▶ Dataset records
•••

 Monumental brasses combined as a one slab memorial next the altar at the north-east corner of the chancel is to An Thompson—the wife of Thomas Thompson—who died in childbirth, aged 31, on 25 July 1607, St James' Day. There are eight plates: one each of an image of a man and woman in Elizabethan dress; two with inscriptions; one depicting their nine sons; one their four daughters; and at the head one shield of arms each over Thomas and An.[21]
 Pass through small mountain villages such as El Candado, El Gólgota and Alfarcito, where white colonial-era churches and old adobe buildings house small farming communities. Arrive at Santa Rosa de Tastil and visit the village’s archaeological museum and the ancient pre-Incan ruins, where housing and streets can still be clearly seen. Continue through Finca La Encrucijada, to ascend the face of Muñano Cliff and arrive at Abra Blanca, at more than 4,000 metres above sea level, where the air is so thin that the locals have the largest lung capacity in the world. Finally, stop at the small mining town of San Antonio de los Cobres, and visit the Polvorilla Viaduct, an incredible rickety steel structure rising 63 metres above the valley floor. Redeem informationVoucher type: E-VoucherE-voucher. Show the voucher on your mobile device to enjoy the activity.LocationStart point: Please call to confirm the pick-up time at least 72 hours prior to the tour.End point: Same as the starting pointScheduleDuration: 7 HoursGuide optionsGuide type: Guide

•••

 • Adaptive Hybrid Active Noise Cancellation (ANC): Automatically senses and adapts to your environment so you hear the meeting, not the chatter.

•••

▶ Prompt
This exercise needs every line of the listing that contains the word "your".

▶ Task answer
 Pass through small mountain villages such as El Candado, El Gólgota and Alfarcito, where white colonial-era churches and old adobe buildings house small farming communities. Arrive at Santa Rosa de Tastil and visit the village’s archaeological museum and the ancient pre-Incan ruins, where housing and streets can still be clearly seen. Continue through Finca La Encrucijada, to ascend the face of Muñano Cliff and arrive at Abra Blanca, at more than 4,000 metres above sea level, where the air is so thin that the locals have the largest lung capacity in the world. Finally, stop at the small mining town of San Antonio de los Cobres, and visit the Polvorilla Viaduct, an incredible rickety steel structure rising 63 metres above the valley floor. Redeem informationVoucher type: E-VoucherE-voucher. Show the voucher on your mobile device to enjoy the activity.LocationStart point: Please call to confirm the pick-up time at least 72 hours prior to the tour.End point: Same as the starting pointScheduleDuration: 7 HoursGuide optionsGuide type: Guide
 • Adaptive Hybrid Active Noise Cancellation (ANC): Automatically senses and adapts to your environment so you hear the meeting, not the chatter.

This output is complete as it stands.